Diritti

Per le persone disabili trovare lavoro è sempre più difficile: “Le aziende non rispettano gli obblighi di assunzione. Troppo poche le sanzioni”

L’Italia non è un Paese per lavoratori con disabilità. Il numero di persone che si iscrivono al collocamento mirato scende, le assunzioni calano. Lavorare in ufficio, in fabbrica o in azienda con un collega o una collega con disabilità è sempre più raro.
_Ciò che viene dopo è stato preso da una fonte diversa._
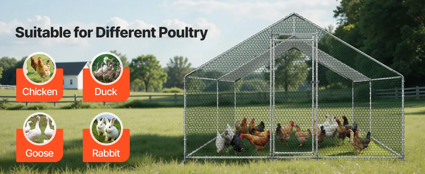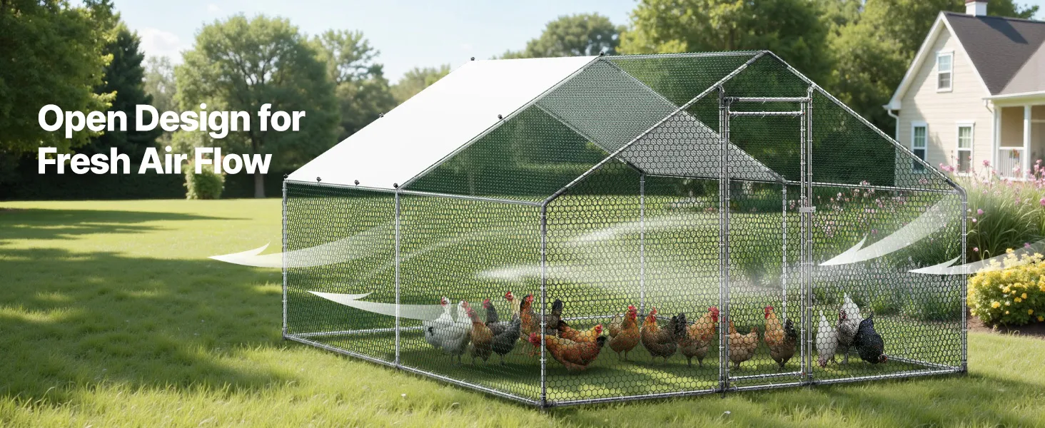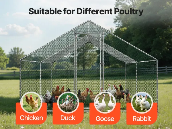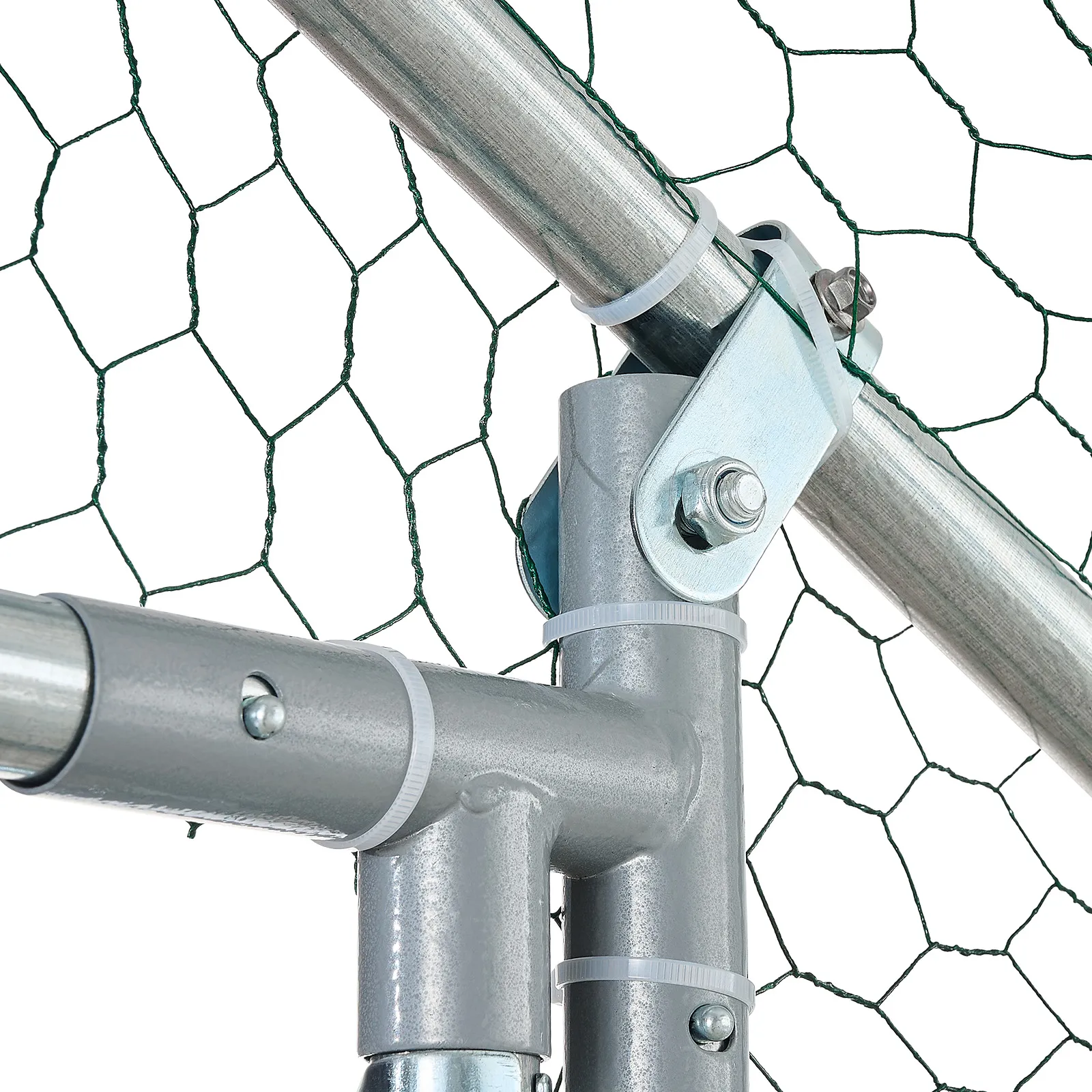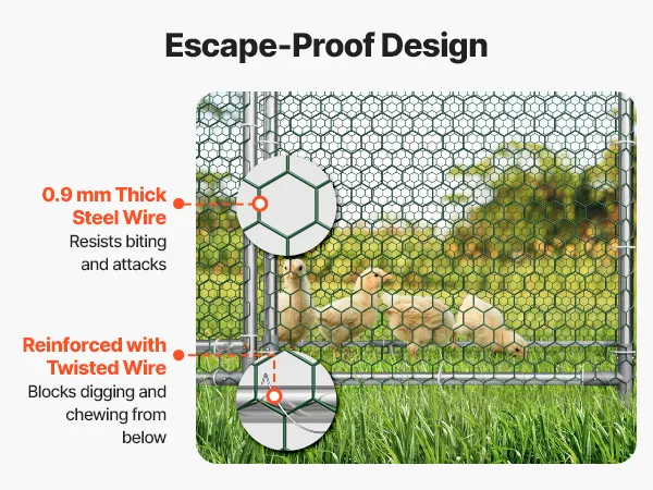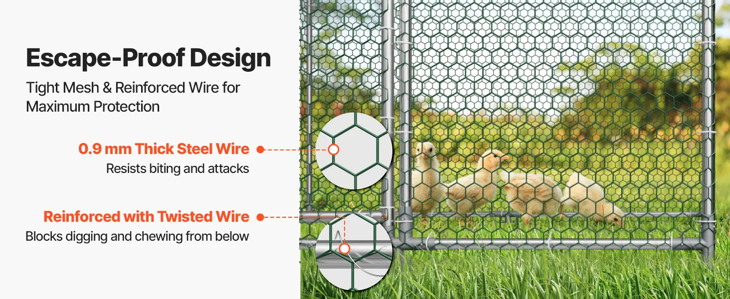 Sturdy Structure: With 1" thick galvanized steel pipes and precise welding, this walk in chicken run boasts stability and wind resistance. The top cover promotes drainage to avoid water buildup. Reinforced hexagonal mesh keeps poultry securely contained

A certificarlo sono i dati dell’XI° Relazione annuale al Parlamento sullo stato di attuazione della legge del 1999 per il diritto al lavoro dei disabili, presentata dalla ministra del Lavoro e delle Politiche Sociali Marina Elvira Calderone e realizzata insieme all’Istituto nazionale per le analisi delle politiche pubbliche (Inapp). I numeri sono aggiornati al 2021, altro tasto dolente: “Con dati vecchi e imprecisi diventa più complesso poter intervenire con politiche efficaci e migliorare concretamente lo stato dell’arte. I lavoratori con disabilità sono gli ultimi tra gli ultimi”, commenta con ilfattoquotidiano.it Marino Bottà, direttore generale dell’Agenzia nazionale disabilità e lavoro (Andel) e coadiutore per l’inclusione lavorativa dell’Osservatorio nazionale sulla condizione delle persone con disabilità.

Parla di “numeri impietosi” e di “situazione drammatica” Alessandro Chiarini, presidente del Coordinamento nazionale famiglie con disabilità (Confad).“Dati che confermano nero su bianco quello che andiamo dicendo da anni: evidenziano una tendenza molto negativa che rende sempre più difficile l’autonomia e l’emancipazione attraverso il lavoro, soprattutto per le persone con grave disabilità”. Secondo l’Istat, in Italia solo il 20% delle persone con disabilità tra i 15 e 64 anni ha un impiego, a fronte della media Ue che si attesta a quota 50%.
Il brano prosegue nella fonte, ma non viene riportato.